As described above, implementing the present invention is extremely effective not only for improving boiler operability but also for energy saving and environmental conservation measures.

The burner gun to which the present invention is applied can be applied not only to CWM specifically taken as an example in this section but also to so-called slurry fuel in which finely divided solids as described below are suspended in a liquid.

(1) Pitch / Water Slurry (2) Oil Coke / Water Slurry (3) Coal / Methanol Slurry (4) COM (Coal / Heavy Oil Mixed Fuel) (5) Inferior Residue On the other hand, even fuels such as light oil and heavy oil, slurry fuel Although the problem of sticking and clogging is less so, it is considered that if it is excessively heated in the fuel flow path, carbon is deposited and adversely affects combustion. Therefore, the burner gun structure according to the present invention can also be applied to an oil-fired boiler combustor.

〔The invention's effect〕

As described above, according to the present invention, the replaceable thin-walled tube is arranged in the fuel supply passage, and the thin-walled tube is replaced when the fuel is stuck and blocked, so that the burner is immediately restarted. , The boiler efficiency can be increased. Furthermore, the burner gun can be reused, and the work of replacing (disassembling, cleaning, and assembling) the burner gun can be shortened.
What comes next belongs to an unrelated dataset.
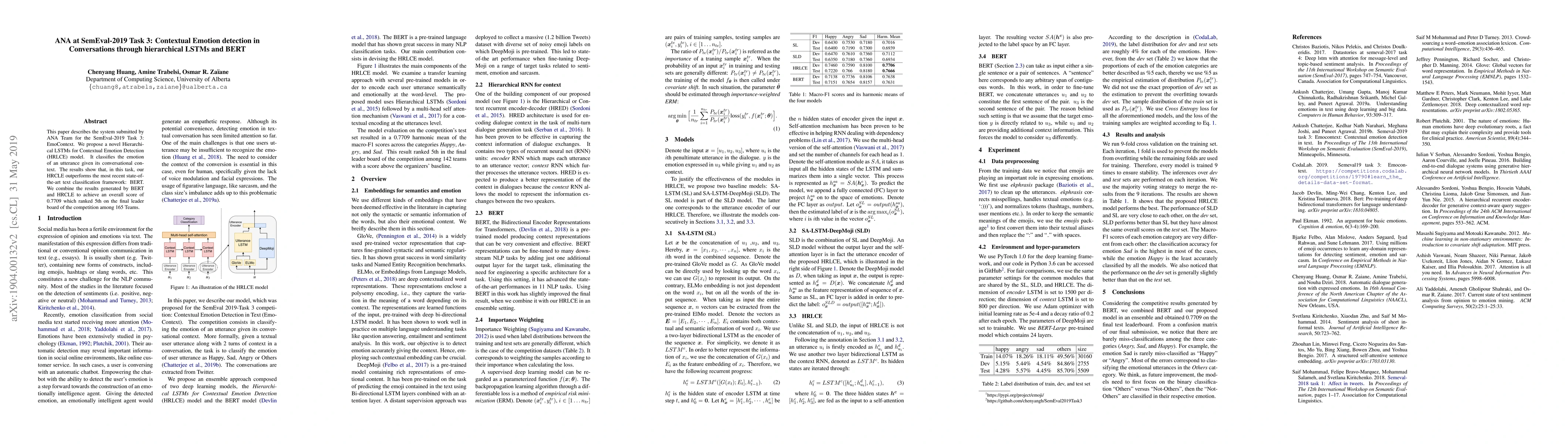 The ANA Team developed a Hierarchical LSTMs for Contextual Emotion Detection (HRLCE) model for the SemEval-2019 Task 3, outperforming BERT in emotion classification within conversations. Combining HRLCE and BERT results led to a final score of 0.7709, ranking 5th among 165 teams.

[Brief description of drawings]

1 and 2 are front sectional views and sectional views taken along the line II-II showing one embodiment of the present invention, and FIGS. 3 and 4 are front sectional views and IV showing another embodiment of the present invention. -IV arrow sectional view, FIG. 5 is a sectional view showing an example of a conventional burner application, FIG.
The figure is a sectional view showing an example of another conventional burner gun. 1 ... Fuel flow path, 2 ... Atomization medium flow path, 3 ... Burner gun inner cylinder, 4 ... Burner gun outer cylinder, 5, 16 ... Atomizer tip, 9 ... Mixing ejection hole, 10 ... Fuel supply Hole, 11 ...
… Atomization medium supply hole, 14, 15, 20 …… Thin-walled tube, 17 …… Intermediate plate, 18 …… Atomizer head,
19 ... Spout hole.

Claims (3)

[Claims] 1. A fuel and atomizing medium supplied through a fuel supply passage of a burner gun, and a reduced diameter fuel supply hole of an atomizer member detachably provided at an end of the fuel supply passage. In an atomizer that mixes and sprays the mixed flow to the outside from the ejection hole, a thin-walled pipe is fitted into the fuel supply passage so that the fuel can flow, and the thin-walled pipe is fixed when the fuel is fixed in the thin-walled pipe. An atomizer for slurry fuel, characterized in that it can be extracted from the fuel supply passage. 2. The fuel supply passage is configured by using an internal space of a burner gun inner cylinder, and a single thin-walled pipe having a diameter smaller than an inner diameter of the inner cylinder is fitted in the burner gun inner cylinder. The atomizer for slurry fuel according to claim (1). 3. The fuel supply passage is formed by using a gap between a burner gun inner cylinder and a burner gun outer cylinder,
The slurry fuel atomizer according to claim (1), wherein thin-walled pipes are fitted in an outer peripheral portion of the burner gun inner cylinder and an inner peripheral portion of the burner gun outer cylinder, respectively.